Comment 5•24 years ago
|
||
I can reproduce this problem on the Mac as well, with the MRJ plugin. I added
these lines to the test case, explicitly walking up the prototype chain, and
still see the height property as undefined:
var applet = document.body.childNodes[2];
var proto = applet.__proto__;
document.write("<BR>APPLET height - using applet.__proto__.height: ");
document.write(proto.height);
I'll attached the modified test case as a .zip file.
Comment 6•24 years ago
|
||
Comment 7•24 years ago
|
||
Ooops, that last test was bogus, if I walk the applet's __proto__ field
explicitly, I can read the width and align properties, and then it works from the
applet itself! Enclosing better test case.
Comment 8•24 years ago
|
||
Comment 9•24 years ago
|
||
The problem seems to be that JS_LookupProperty doesn't always return the proper
value, perhaps it's some kind of caching issue. Changing the call to
JS_LookupProperty seems to fix the problem, so that most of the test case works.
Comment 10•24 years ago
|
||
Comment 11•24 years ago
|
||
Brendan, perhaps we should be calling JS_LookupProperty if lookup_member_by_id is
called by JavaObject_lookupProperty, and JS_GetProperty if called by
JavaObject_getPropertyById? This is all in jsj_JavaObject.c.
Comment 12•24 years ago
|
||
Comment 13•24 years ago
|
||
Nit: put named_prop_op before lookup_member_by_id's out params, that's the fur
and brendan style (in before inout before out).
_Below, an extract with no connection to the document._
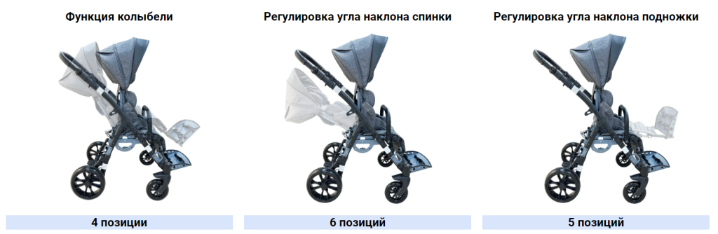 В стандартную комплектацию входит так называемая «колыбель» – возможность изменения угла наклона сиденья вместе со спинкой. Также спинку можно разложить в горизонтальное положение до 180°.

You don't want NULL to be a valid input for named_prop_op, because the call from
JavaObject_setPropertyById needs to check the prototype chain too. That call
should pass JS_LookupProperty too.
/be
Comment 14•24 years ago
|
||
beard came by my other cube and pointed out that JavaObject_setPropertyById
passes NULL for vp to lookup_member_by_id, which defeats the prototype-chain
lookup-or-get therein. But I countered that the subsequent code at
http://lxr.mozilla.org/mozilla/source/js/src/jsj_JavaObject.c#659 handles the
!member_descriptor case, which must be the "I found something in a prototype" case.
But I didn't study that case enough at a glance to see that it horribly
special-cases "__proto__".
Better idea: have lookup_member_by_id call JS_GetPropertyAttributes rather than
named_prop_op on proto_chain, and return the attrs via a uintN *attrsp param to
callers, if the property is found according to the foundp out param that
JS_GetPropertyAttributes takes. Then,
- in JavaObject_getPropertyById, call JS_GetProperty in the !member_descriptor
early return true case;
- in JavaObject_setPropertyById, check in the !member_descriptor case whether
(attrs & JSPROP_SHARED); if so, call JS_SetProperty on obj and let the shared
magic happen;
- in JavaObject_lookupProperty, fix the bogus TODO-commented code by calling
JS_LookupProperty if !member_descriptor, which will set *objp correctly.
Oh, it looks like fur didn't follow the "in before inout before out params"
style rule in lookup_member_by_id [no big, I'm just anal] because id, an in
param, comes after java_wrapperp, an out param. Oh well, I still think putting
named_prop_op earlier in the param list would be better, but if you buy my line
above, there is no need for named_prop_op any longer -- it gets replaced by an
attrsp out param.
/be
Updated•24 years ago
|
Target Milestone: --- → mozilla0.9
Updated•24 years ago
|
Component: DOM Level 1 → DOM Style
Updated•24 years ago
|
Component: DOM Style → DOM HTML
Comment 16•24 years ago
|
||
Beard, AFAIK the DOM side of this bug is fixed, wanna take this from me and fix
the remaining problems in LiveConnect? Setting target milestone to mozilla0.9.1
Target Milestone: mozilla0.9 → mozilla0.9.1
Comment 17•24 years ago
|
||
moving to TM of 0.9.2 per PDT triage (you can check it into 0.9.1 until Friday,
18/May/01 or into 0.9.2 after the tree opens)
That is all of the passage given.